Which brings us to Gangster Squad. This is a movie that doesn't skimp on car chases, absurdly violent shootouts, and really snazzy fedoras. It feels as if it could have been a decent, second-gear gangster film, and Ruben Fleischer, the director of the wondrous Zombieland(2009), should have been the man for the job.
But there's just a certain lack of drive here. The plot, which more or less recycles another De Palma film, The Untouchables (1987), simply unleashes a series of dumb clichés, marking certain characters for death early on, allowing the bad guy to make one stupid slip-up, etc.
Gangster Squad is lazy and not particularly well thought-out, but fortunately a terrific cast manages to snap many of the movie's moments into life.
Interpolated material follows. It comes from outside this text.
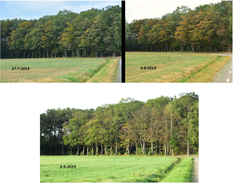 Het begon in juli. Toen sommige beukenlanen en berken chlorofyl gingen afbreken om zo snel mogelijk hun blad te laten verliezen om water te besparen en verdamping tegen te gaan. Bij veel bomen werden de bladeren geel en vielen daarna af. Hiervan is een groot aantal erin geslaagd om nieuwe knoppen te vormen door toch nog voldoende regenwater die soms viel ( augustus was vrij nat (80+mm). Wat wel vaststaat is dat deze bomen het komende jaar kleinere bladeren zullen hebben, en minder zal groeien dan andere jaren.

Josh Brolin stars as John O'Mara, a Los Angeles cop, circa the late 1940s, who is braver than most. The chief (Nick Nolte) singles him out to form a special, secret squad designed to take down gangster Mickey Cohen (Sean Penn), whose foothold in L.A. will soon be too strong to stop. To make matters more complicated, his loving wife (a very good Mireille Enos) is pregnant and worries about losing him to the job.
Of course, it's up to O'Mara to assemble his team of outsider cops, which will no doubt be a group of misfits, each from a different walk of life. Anthony Mackie is the tough guy from the bad neighborhood, Robert Patrick is a cowboy-like sharpshooter, Michael Peña is his culturally maligned partner, Giovanni Ribisi is the brains of the outfit, and Ryan Gosling is Sgt. Jerry Wooters, the boozy, aloof, reluctant last-minute addition.
Jerry has another problem: he has seduced and fallen in love with Mickey's girl, Grace (Emma Stone), and it's only a matter of time before Mickey finds out.
Fleischer clearly adores his actors and has a smooth, cool directing style, but the problem here is mainly the script, and what it wants to say. Mickey Cohen was a smaller character in L.A. Confidential and Bugsy, but this movie doesn't seem to expand on him much, and only gives him more scenery to chew. The heroes talk a bit about having survived WWII and the importance of family, but not in any way that really clicks.
What does it all add up to? It's a gangster story that we've seen before, not prestigious, but also not care-free. Yet it has many fun moments. I guess it all comes down to the two words that Pauline Kael once used to open up a review: "It's OK."